I’ll bet Charles Manson would’ve made one hell of a used car salesman. If he could talk a bunch of kids into murder, how hard could it be for him to get you into a 97 Camry?
Sometimes I’ll show my husband the chewed up food in my mouth just so he’s reminded of the delicacy and beauty of the flower he chose.
I’ve reached a fork in the road, thank heavens it was laying right next to a pan of lasagna.
I’m filled with joy when I see the “baby on board” sign attached to the car in front of mine, but sadness washes over me when I realise the car is a hearse. Only when I notice that it’s being driven by a baby do I begin to have mixed feelings
*sneeze*
……bless you
*sneeze*
……bless you
*sneeze*
……bless you
*sneeze*
………GO TO HELL!!
Fun Fact:
If you flick your wife’s nipple really hard while she’s sleeping, it’s extremely funny … for about 3 seconds.
The first step is admitting that the other person is the one with the problem.
If you call all the priests “daddy” you don’t have to go back to church.
I asked 14 to do me a favor, and he said, ”okay.” Then deliberately fell face first into the mattress on my bed.
Same kid, same.
*cop pulls me over*
Cop:Had a bit to drink tonight?
Me:What makes you think I’ve been drinking?
*cop leans over and turns off lawnmower*
Dear autocorrect, please stop changing my rude words into nice ones. You piece of shut.
I reached blindly inside my cavernous mom bag for a lip balm and I touched something I didn’t recognize. Go on without me.
[first day as detective]
Me: looks like he was shot in the head
Partner: any sign of forced entry?
Me [pointing at bullet wound]: well yeah
WELCOME TO THE JUNGLE
WE GOT DIRT AND TREES
WE ALSO GOT SOME LIZARDS
BUT MOSTLY DIRT AND TREES
They banned hot dogs at the office ever since i used them as drumsticks on susan’s neck.
[First date]
Her: i’m a criminal lawyer, what do you do?
Me: really, well it just so happens that I… (trying to impress her) …am a criminal
Me: I let my guard down.
Prison guard: I’m not angry, just disappointed.
Just to be clear, when I came over to your house I had no intention of fighting your cat.
With me, it’s not PRIDE that comes before a fall. It’s half a bottle of vodka and a coffee table that I forgot existed.
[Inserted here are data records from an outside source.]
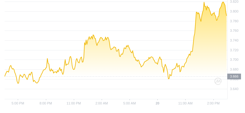Filecoin (FIL) 当前价格为 3.79 美元,24 小时交易量为 1.15 亿美元。在过去 24 小时内,FIL 价值上涨了 3.44%。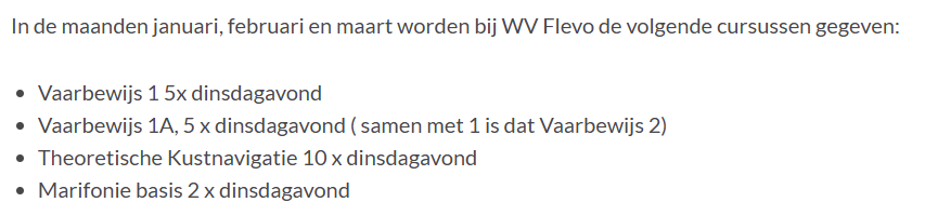 Watersportvereniging Flevo – Harderwijk Coördinatie: Dennis van Oeveren Cursus Vaarbewijs 2026 In de maanden januari, februari en maart geven we een aantal cursussen om de vaarregels beter te leren begrijpen en zo de veiligheid op het vaarwater te vergroten. Een Klein Vaarbewijs is verplicht voor iedereen die een vaartuig bestuurt uit één van de volgende …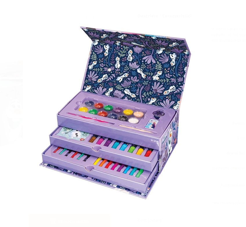 Setul este organizat într-o valiză elegantă cu design tematic Frozen 2, având două sertare pentru o mai bună organizare și un mâner practic, ideal pentru a fi transportat cu ușurință.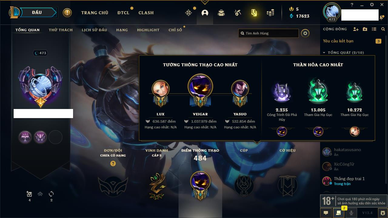 Rank Đơn: Vàng IVKhung: VàngTướng: 171 - Còn 48721 THXTrang Phục: 171Rank ĐTCL: Chưa RankLinh Thú: 27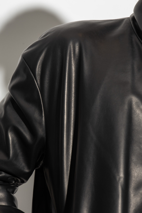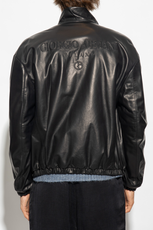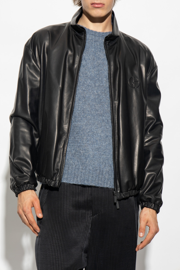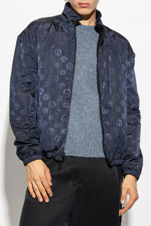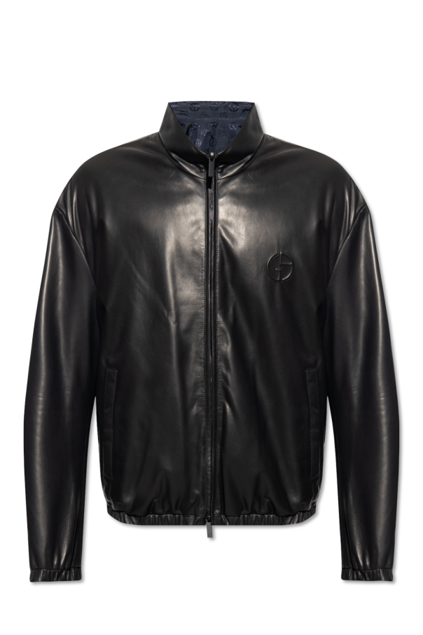 Reversible jacket from Giorgio Armani. Fastened with a two-way zipper, this style features a standing collar and ribbing on the bottom hem and long sleeves. One side is made of lamb leather in black and showcases a tactile logo and two snap-fastened pockets. The other side is navy blue and has a monogram pattern and two zip pockets.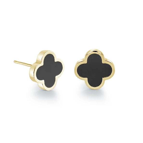 Stainless Steel with Yellow Gold Ion Finish with Black Enamel 10mm Clover Stud Earrings - Veloria by Italgem Steel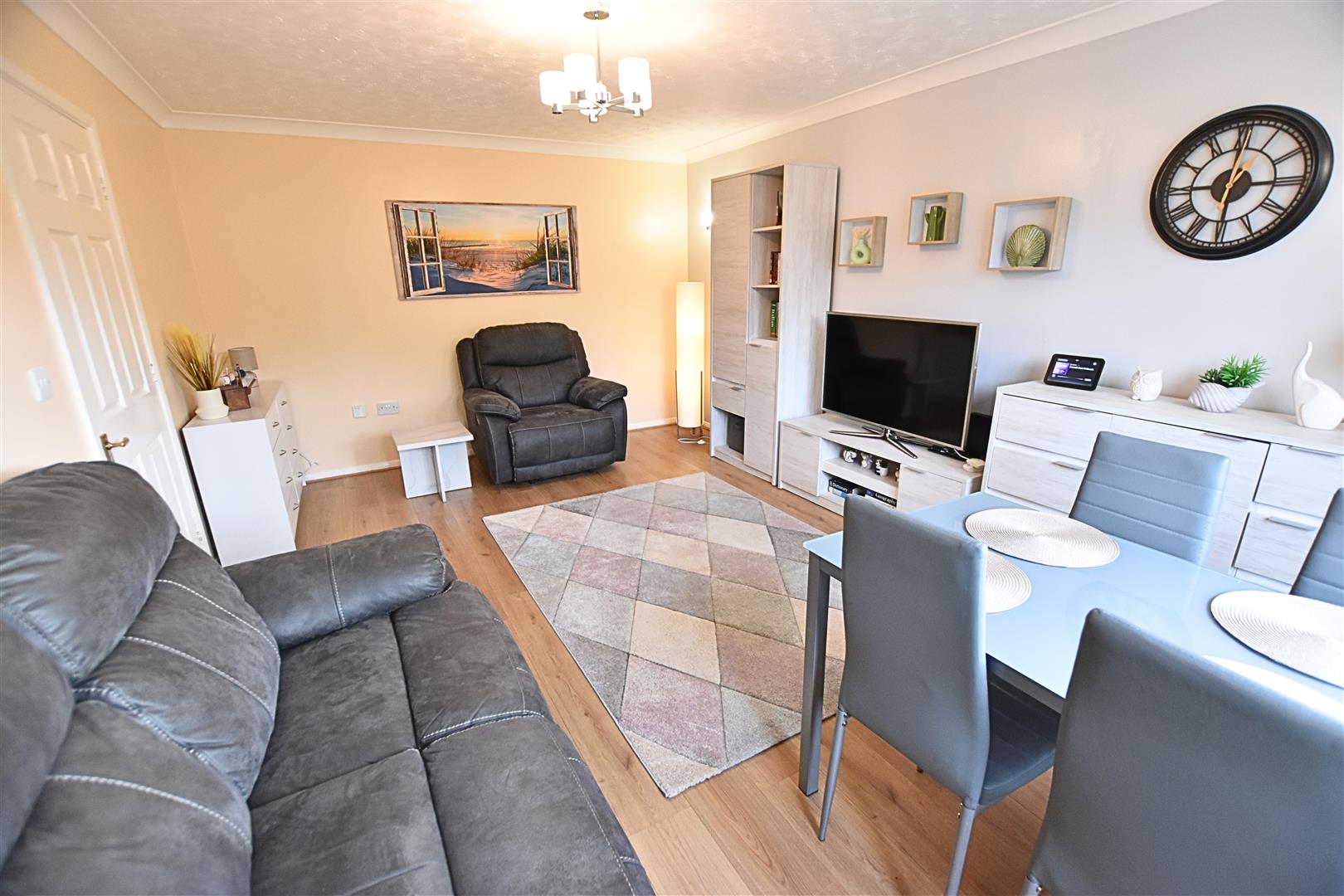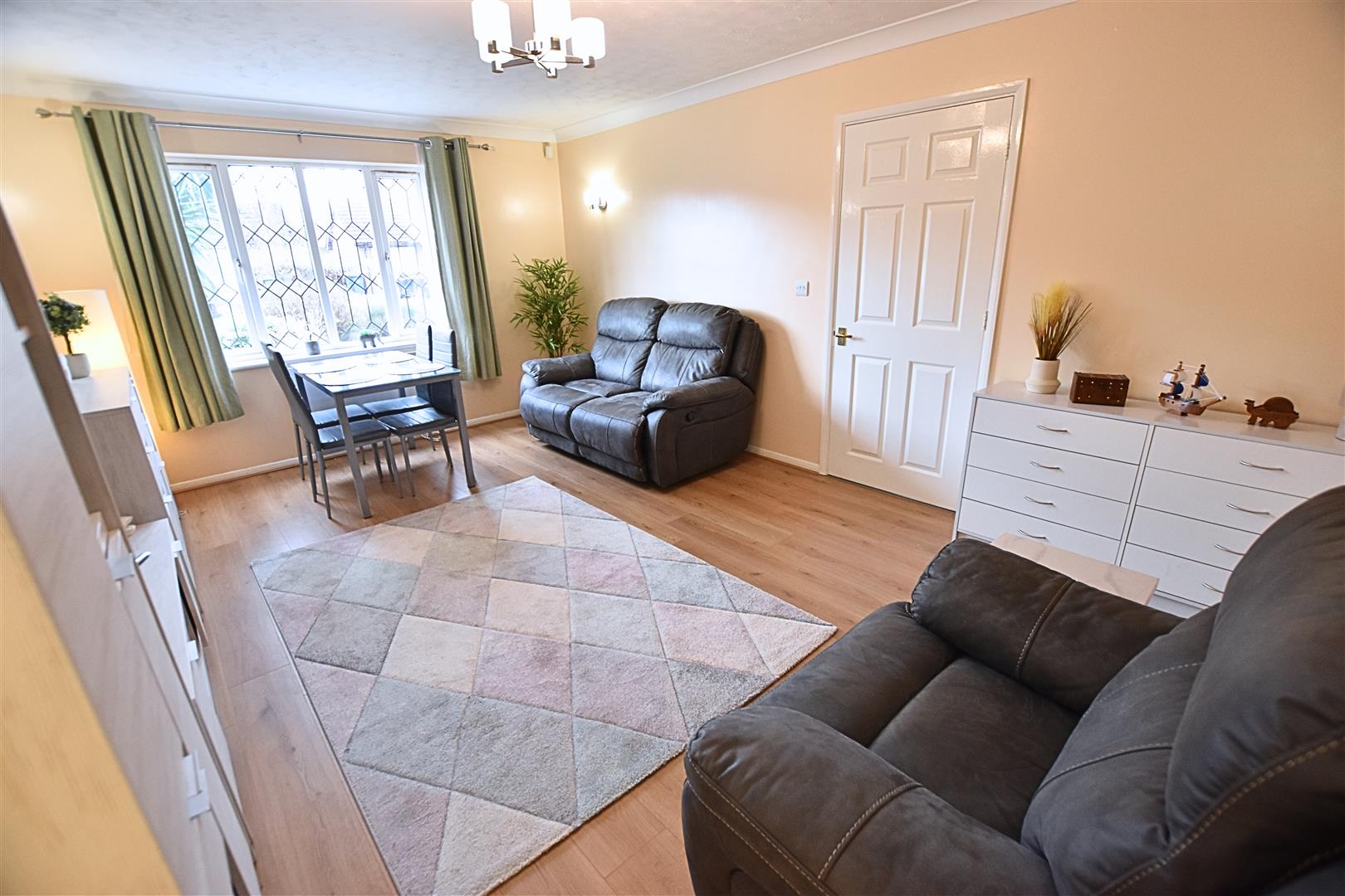 This excellent sized room has a double glazed window to the front elevation, coving to ceiling, striking laminate flooring and a Newly fitted economy heater . Ample space for both a dining table and sofas.

A Goofy Movie gave me unrealistic expectations about what I could and couldn’t do with aerosol cheese
*London, 1592*
Pizza Boy: Hark! I hast brought thine order
Lusty Wench: Alas, I hath not a tuppence to pay for thy cheesed bread! Mayhap there is some other way thou canst get thine…pound of flesh?
Pizza Boy: Gadzooks! *funky lute music begins*
Water Polo is one shark away from being the most entertaining sport around
Summer is the perfect time to collect shells on the beach. The 20 gauge ones are especially pretty, although you can’t beat a good 45 mm.